Some of the issues can be illustrated with an example: start with a class definition:
class X {
int f1 = 123;
String f2 = "abc";
Y f3;
Y f4;
List<Z> f5;
Ref<A> f6;
}
What should the XML look like? One option would be:
<X f1="123" f2="abc">
<f3><Y>ystuff</Y></f3>
<f4><Y>ystuff</Y></f4>
<f5><Z>zstuff</Z><Z>sztuff</Z></f5>
<f6>path/of/A</f6>
</X>
The problem here is that there are many possible ways of
going from an object model to XML. Different people will
prefer different encodings, so any XML file you see which
is often a serialisation of an object model will have chosen
a different selection of mappings, so you end up having
to modify your parser just to read the new file format - when you
ought to be able to feed your generic parser the class descriptions
and have it figure out how to read the format.
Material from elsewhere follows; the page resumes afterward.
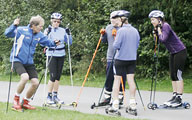 Ideally by the end of the programme, all beginners would be of a level able to take part in the open track sessions at UCLan that are run over the late spring and summer (see Events page for details) or for a cross‑country holiday on snow. Those with some previous experience should be ready for anything: loppet racing, touring on snow, or the Northern Roll challenge which involves four one‑hour events organised once a month in May‑August at venues in the North West and North East of England. Open track sessions for roller skiers with their own equipment are also held for several weeks in late autumn/winter at the Tameside Cycle Track in Ashton‑under‑Lyne (see Events page for details) to help skiers prepare for forthcoming winter holidays on snow. SnowSport England Courses

Some design objectives are:
- make the XML as concise and readable as possible
- be systematic about mapping objects to XML
- be unambiguous
- make the common case look good
Some arbitrary choices
There are a number of arbitrary choices when it comes to
serialising an object in XML, with the result that each
developer ends up doing it differently. Most of these
choices are a matter of style (e.g. use attributes not
elements). Because people do things differently, it
can be hard reading someone else's XML format without
recoding a parser.
A) Attributes or elements for simple types?
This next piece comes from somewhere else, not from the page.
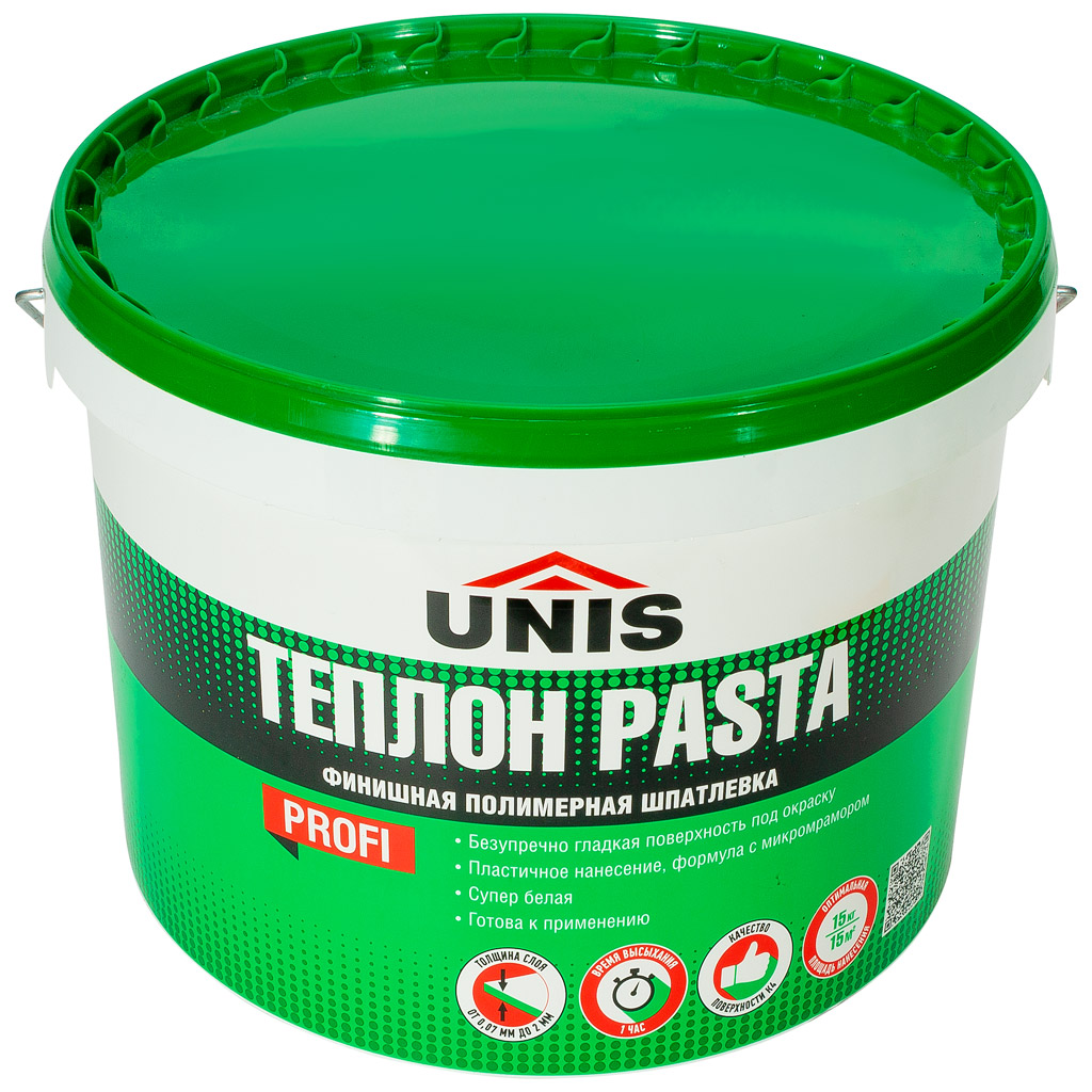Шпатлевка Unis Теплон Паста подходит для стен под покраску и декоративную отделку. Высокая пластичность облегчает нанесение, быстро сохнет и гарантирует повышенную белизну финишного слоя. Универсальная готовая шпатлевка идеально выравнивает гипсовую, бетонную, цементную и штукатурные базы. Может наноситься валиком или малярным правилом над маяками. Полимерный состав обеспечивает водостойкие свойства, что позволяет применять материал в местах с высокой влажностью.

(Where a simple type can be coded as a single line string,
e.g. int, double, String).
Should it be
i) <X f1="123"/>
or
ii) <X><f1>123</f1></X>
?
B) Are XML <elements> the class names, the field names, or both?
Should it be:
i) <f3><Y>ystuff</Y></f3>
or
ii) <f3>ystuff</f3>
or
iii) <Y>ystuff</y>
?
iii) introduces an ambiguity if there are >1 fields of
class Y, but the common case is that there is only
one field of a given class. (ii) has the disadvantage that
it becomes harder to pull out the instances of of Y from the
file.
C) Do lists need an explicit tag?
i)
<f5><Z>zstuff</Z><Z>zstuff</Z></f5>
ii)
<Z>zstuff</Z><Z>zstuff</Z>
iii)
<f5>zstuff</f5><f5>zstuff</f5>
iv)
<listOfZ><Z>zstuff</Z><Z>zstuff</Z></listOfZ>
An explicit tag for lists reduces ambiguity but introduces
an extra level in the hierarchy. The common case is
for a class to have a single sublist, in which case
(ii) is the best choice.
D) How are class names / namespaces resolved?
Assume classes are packaged into namespaces,
with full names like "org.neuroml.channel.XYZ".
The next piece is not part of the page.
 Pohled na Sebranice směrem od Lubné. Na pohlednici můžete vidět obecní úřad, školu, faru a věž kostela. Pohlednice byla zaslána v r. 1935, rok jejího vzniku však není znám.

How is this full name coded in XML?
i) Short names, "classpath" attribute included at top.
<topelem classpath="org.neuroml.channel; org.neuroml.network">
...
<XYZ>xyzstuff</XYZ>
+ : concise, avoids cluttering XML with namespaces
- : may need an extra mechanism to resolve ambiguities
ii) Full names in XML elements
<org.neuroml.channel.XYZ>xyzstuff</org.neuroml.channel.XYZ>
+ : unambiguous
- : unreadable
iii) Using XML namespaces xmlns:n="org.neuroml.channel"
<n:XYZ>xyzstuff</n:XYZ>
+ : uses XML standards
- : makes the XML hard to read ; most of the time (i) is unambiguous.
iv) Using an attribute like "class=" or "type=" to disambiguate where necessary
<XYZ class="org.neuroml.channel.XYZ">xyzstuff</XYZ>
+ : keeps the common case simple
- : the unusual case is verbose
Note that (i), (ii), (iii) assume the tag is the classname.
If choose B(iii) (tag is fieldname) we have to use an
attribute if the object's class is a subclass of the one in the schema.
Observations
Having the tag as a class is good news, as it makes
it simpler to browse an XML file and pick out all
instances of a class.
Avoiding unnecessary levels in the hierarchy can also be
good news - e.g. skipping the list field name if the
class has a single list.